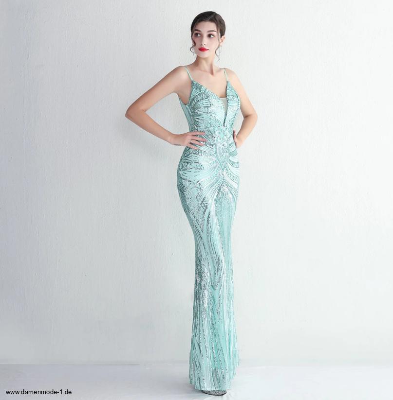 Fit and Flare Spaghettiträger Glitzer Pailletten Abendkleid Lang in Mintgrün
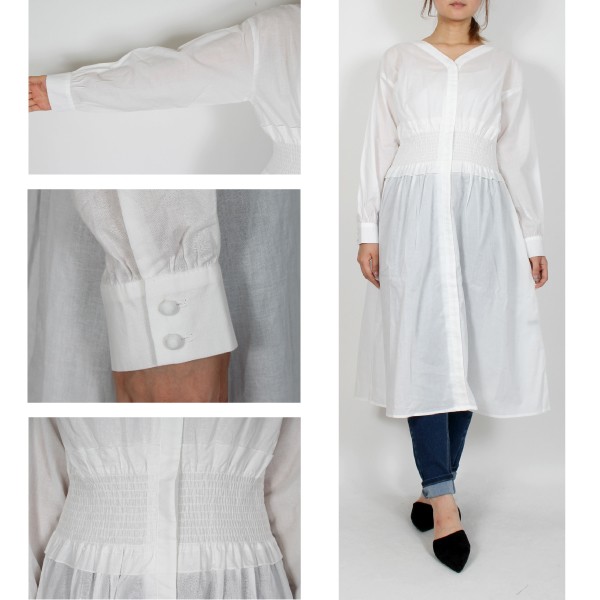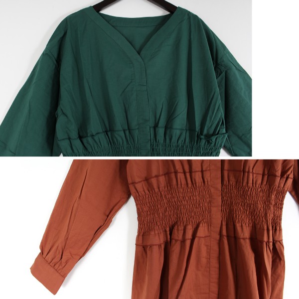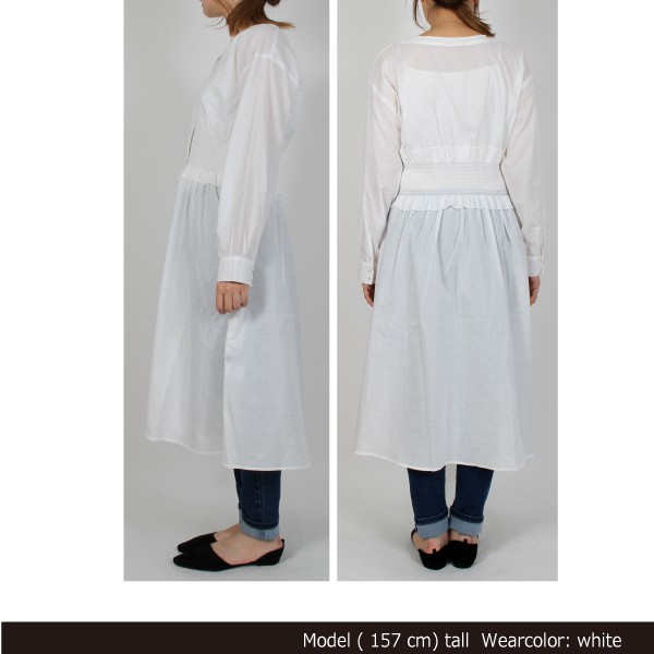 | 実寸 | 着丈:110cm、肩幅:52cm、バスト:112cm、ウエスト:75cm(ゴム)、袖丈:51cm、袖口:22cm、裾周り:180cm |
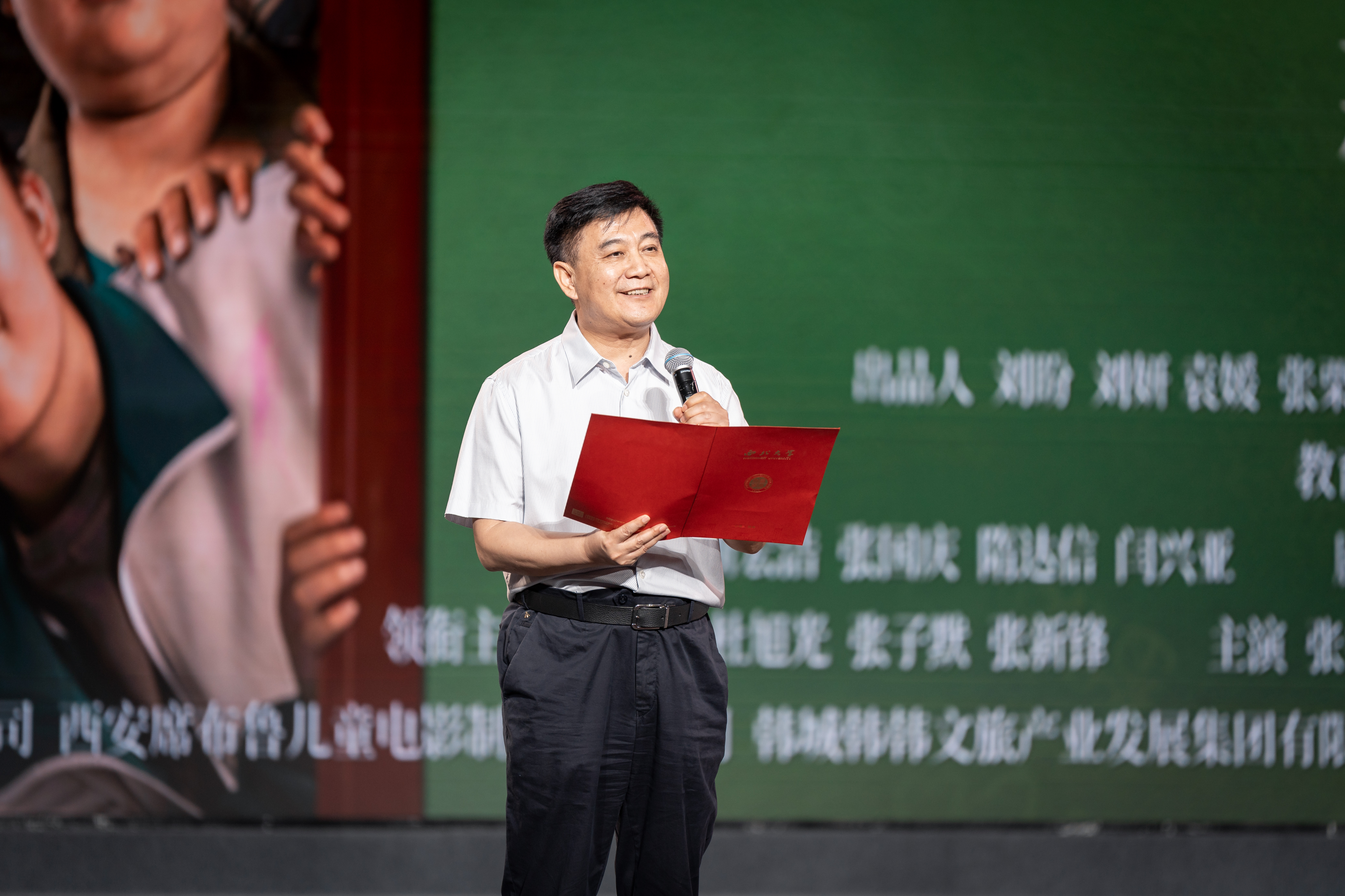 郭立宏代表学校向出品方代表赠送了西大蓝田玉印章,陕西省委宣传部电影处四级调研员李晓楠,中共临潼区委常委、宣传部部长李子阳,韩城市委统战部常务副部长张国庆先后致辞。首映礼由电影出品人刘盼主持。
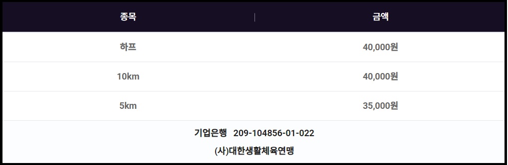 -기록측정 : 하프,10km(칩사용) / 5km(칩사용 안함)

• Your objective
The response consists of the data above printed line for line, with no pictures.

• Response to the exercise
 Fit and Flare Spaghettiträger Glitzer Pailletten Abendkleid Lang in Mintgrün
 | 実寸 | 着丈:110cm、肩幅:52cm、バスト:112cm、ウエスト:75cm(ゴム)、袖丈:51cm、袖口:22cm、裾周り:180cm |
 郭立宏代表学校向出品方代表赠送了西大蓝田玉印章,陕西省委宣传部电影处四级调研员李晓楠,中共临潼区委常委、宣传部部长李子阳,韩城市委统战部常务副部长张国庆先后致辞。首映礼由电影出品人刘盼主持。
 -기록측정 : 하프,10km(칩사용) / 5km(칩사용 안함)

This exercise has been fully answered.